壁炉这个词,在英文里有“家”的意思。谢衍以前听妈妈讲故事,听过这个梗,印象很深刻。他以为躲进壁炉,就是回到了真正的家。
也许,每个光鲜的人,都有着不为人知的苦痛。
袅袅转身,无言,这在谢衍看来等于默许。
这时有手机铃声响起,是袅袅放在餐桌上的。她还是不习惯,走到哪都抱着手机。
谢衍拿起来,瞥了眼来电显示。袅袅的手机形同虚设,连他的号码都不接,还会有谁打给她?哦,居然是祁馆长。
一颗心终于回到肚子。他小跑到给袅袅身边,递给她。
袅袅按下了接听键。
“袅袅啊,我想问你明天有没有空?”
试验在家做就行,教广场舞也就半小时。“馆长您说,我时间可以的。”
“哦,那你来我家坐坐吧,我太太出院了,想见见你,当面感谢。”
看得出来,祁馆长与夫人感情很深,叫太太时特别甜蜜。
“馆长您太客气了,我会如约到的。”袅袅想到祁馆长的风骨和为人,如果她能为他夫人做些什么,也算是一桩善事。
“的咧,我把地址发给你。就明天中午吧。”
挂了电话,袅袅回头,看谢衍还站在楼梯下,注视着她。“袅袅,第一次去馆长家做客,空着手不太好。还是稍微准备一下礼物吧。他们都是文化名人,钱财贵重的未必合适,我有收藏的几本历史古籍,你带过去。”
不得不说,这个主意非常好。
袅袅想到初见谢衍时,他还在为爷爷的生日礼物为难,现在提出的建议这么靠谱。
可古籍贵重,他自己也是好不容易淘的,说不得还放下架子,和人讨价还价,像潘家园那次。
想到潘家园,她忍不住嘴角上扬,觉得和谢衍的身份特别违和。不过,她不想欠他人情。
“不用,我自有主意。”
谢衍倍儿骄傲,觉得自己的姑娘,又有主意又有主见。
“说来听听,你打算送什么?”
看在他一片好心的份上,袅袅说,“我打算淘一套银针。”
银针,自然不是绣花针。
谢衍几乎第一时间反应过来,袅袅礼物的贵重程度。她果然还有隐藏技能,难道她还是个神医?南叔言当初留下她,是否是冲着她的神医身份?
现下的他,还不适合窥探太多,他相信,当他真正走入袅袅的心,她会主动告诉他。
“好啊,四房负责医疗和生物制药板块,也有一些合作的中药诊所。我让温岭跑一趟,挑一套上好的银针拿过来。”
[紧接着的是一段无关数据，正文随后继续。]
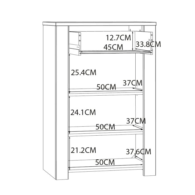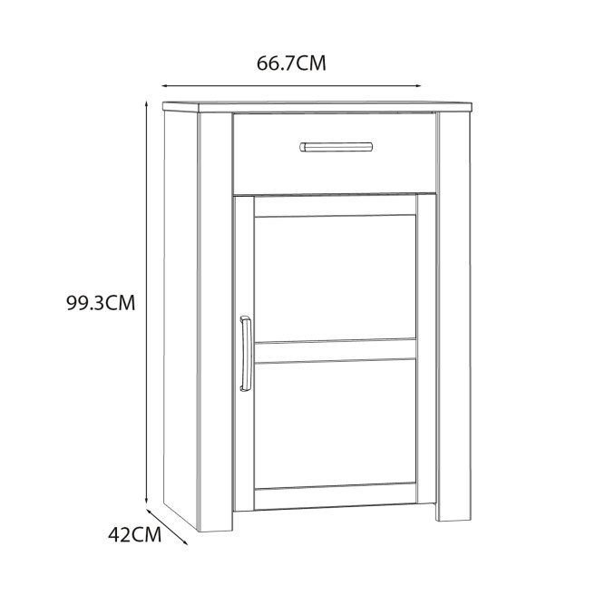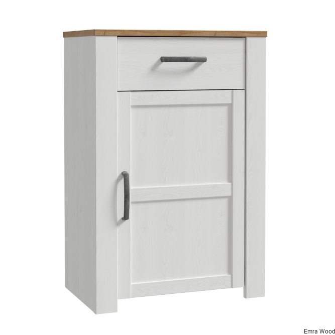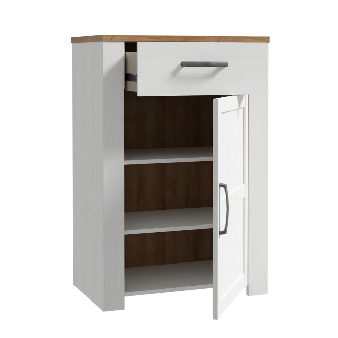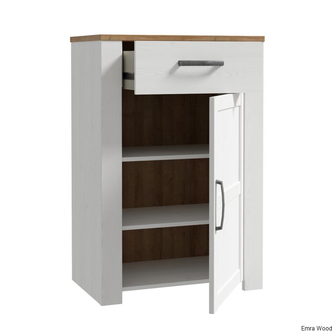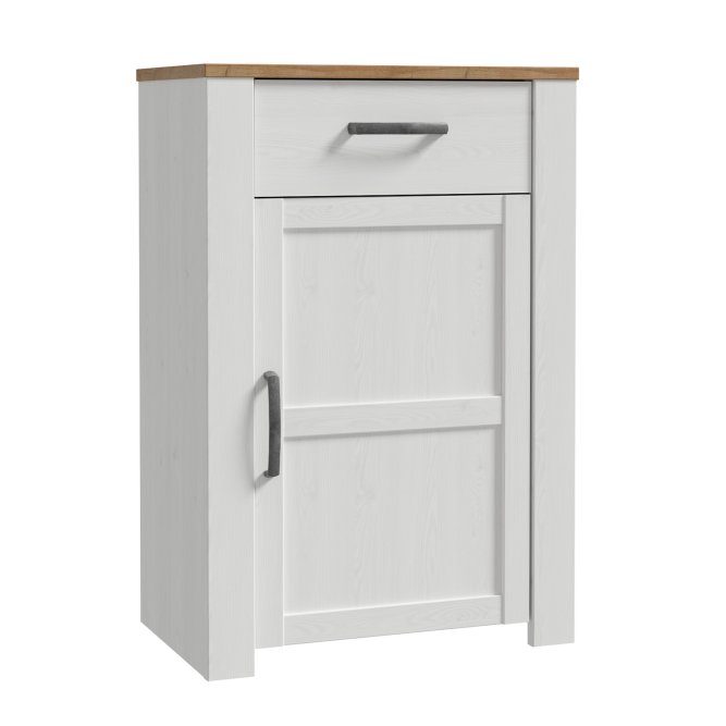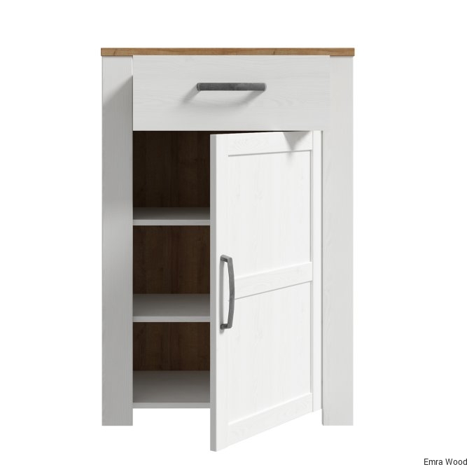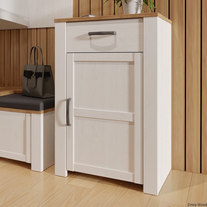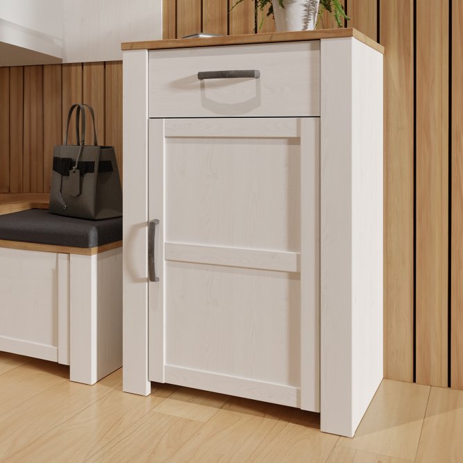 Szafka na buty to nieodłączny element wyposażenia przedpokoju. Posiada podręczną szufladkę oraz szafkę, w której zmieścisz do 6 par butów. Wysoka szafka zachwyca listwami na frontach, mocnymi uchwytami oraz jasną kolorystyką, idealnie wpisuje się w prowansalski styl wnętrza.
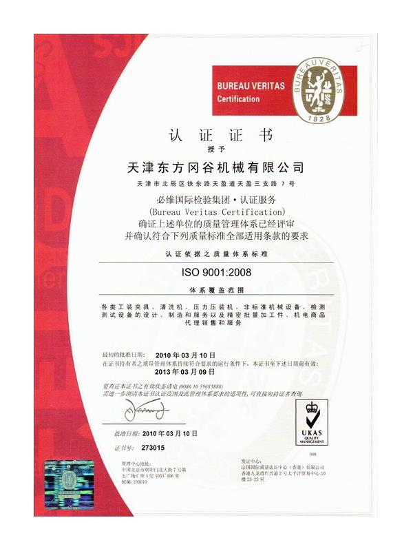 • ISO9001質量體系證書

袅袅寻思着,做谢衍的助理不容易,温岭好忙。但她终究没有拒绝他的好意。
**
第二天中午,袅袅带着银针,和两个盒子,开着车来到了祁馆长所在的巷子。
这边都是老房子,车子开不进去,需要走一段路。但老住宅区韵味比较足,路边是高大的法桐,一些人家的房子上,爬着茂盛的藤蔓植物。燥热的空气,在这里也彷佛被隔绝在外。
看到祁馆长家的门牌号,袅袅拉起门环,敲了几下。
很快,有人来开门。露出脸后,却是笑意盈盈的谢衍。他拉门让她进来。
“袅袅来了啊?”祁高祥的声音随之传来。
“祁馆长,今天精神很好啊。”袅袅迈步跨过门槛,余光看到谢衍给她挤眼睛。
“小谢说找我有些事情,我想反正你们也熟,一起也不错,省得对着我们老人家会无聊。”祁馆长把人往里让。
以前祁馆长都称呼谢衍为谢总的,今天这个“小谢”,叫得亲切。
袅袅想着,谢衍又要出什么幺蛾子。
门里有个小院子,并没有传说的三进或五进院落,正房客厅里坐着祈夫人——修锦瑟。
与那天马路上苍白孱弱的老太太相比,今天修锦瑟好了很多,坐在旧沙发上招呼袅袅。
“你就是袅袅啊,那天多亏了你,不然我这把老骨头就要交代了。”
“袅袅,如果不是医院的主任医师说,我们都不知道,你用的是刺血疗法。那可是中医大家才会的高妙技艺啊!”祁高祥满怀感激地说道。